"Liverwurst is down an eighth, egg-salad is up two and a half, and peanut-butter-and-jelly remains unchanged."
Treat the stock market gourmand to a t-shirt that’s as clever as their investment moves—stylish, fun, and perfect for showcasing their passion for finance and food.
"Liverwurst is down an eighth, egg-salad is up two and a half, and peanut-butter-and-jelly remains unchanged."
The wonderful world of cheese.
The Coffee Shop Vats of New Jersey
Gaston's Gourmet Truckstop
"Hmmm ... you're right — I forgot the brie."
"I'll have the spaghetti, does that come on toast?"
Grand Escargot at a Parisian Eatery.
"This place is famous for its short fiction about food."
"We suggest you study the menu in our reading room before being seated in the dining room."
Cook in the cookery section.
"Perhaps we should cleanse our palates first?"
Just one more choccy...
"I'll have dessert first."
Tomorrow we'll cheer the fourth of July! Picnics with families mean hot dogs to buy! Flags will be waving so proudly up high! And fireworks displays will light the night sky which Frank will miss due to way too much pie! Pie Eating Contest!
Bookworm group
'I'm afraid the Chef's Surprise today is that he ran off with one of the waitresses.'
'Don't worry, Sir. Most of our customers get indigestion when they see the bill.'
"Of course this is a pizza! Man, I've always been a rebel!"
Dijon Vu
'You shouldn't put all your cash into one stock... you need to diversify. Try buying beef, vegetable and chicken stock...'
"Try and push the eye of newt and wing of bat casserole."
'You could use more fiber in your diet; go sow a few wild oat brans.'
"Love the cheese - not so sure about the presentation."
"Cemetery Pie"
The experience was exhilarating. You could eat like a pig and weigh nothing.
No matter where. . . everyone gravitates toward the kitchen.
'Chefs, the secret ingredient for tonight's competition is - wing of bat!'
Capturing a Cook
'You say that you were a chef before retraining as an accountant?... That's good, we could use a bookkeeper who can cook.'
'My broker advises me to have the pork bellies.'
You've Got Mail
"The book, How to Serve Man! It's. . . It's a cook book, filled with recipes that use MSG and transfats!"
Coffee, toast and some of my special homemade turkey marmalade!

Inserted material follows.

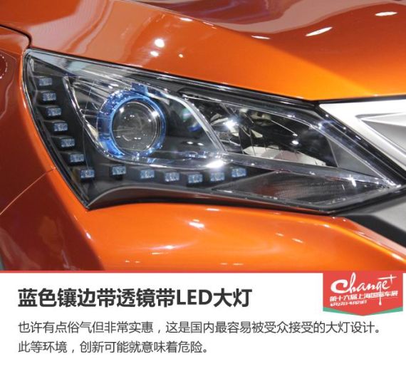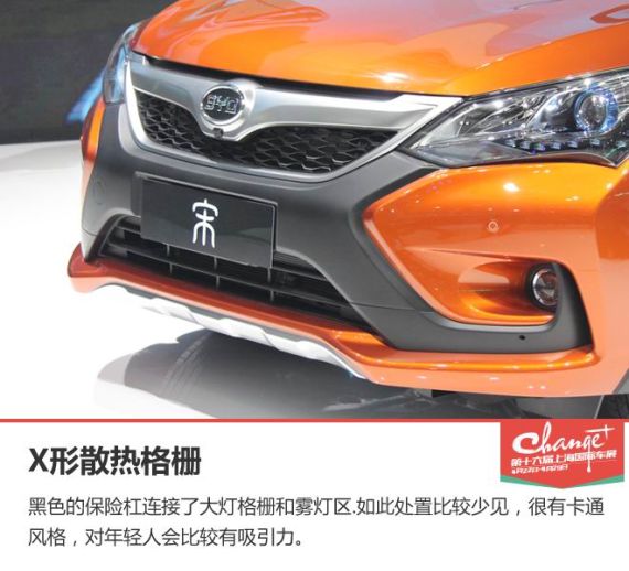 比亚迪宋的前脸设计非常凶悍,棱角分明的头灯和类似水牛角状的银色前格栅装饰条横向连接,大灯内部集成了LED日间行车灯,前格栅内部配有黑色网状饰板,显得很有层次感。一体式的前保险杠通过一个造型夸张的黑色X形“大嘴”与上部融合在一起,保险杠两侧配有雾灯。整体看起来,比亚迪宋的前脸造型比较有特点。

For once, I'd like to order a non-soy-based tofu substitute. No more health food. I have Tofurkey.
"Now this is what I call a thanksgiving break."
Explore our full range of stock market gourmand mugs and find the perfect cup for their finance-fueled breakfasts or gourmet coffee moments.
Browse our playful pillows for the stock market gourmand—adding humor and charm to any room they love to relax in.
Check out our vibrant prints for the stock market gourmand—bring their fascination with trading and gourmet tastes to their decor with style.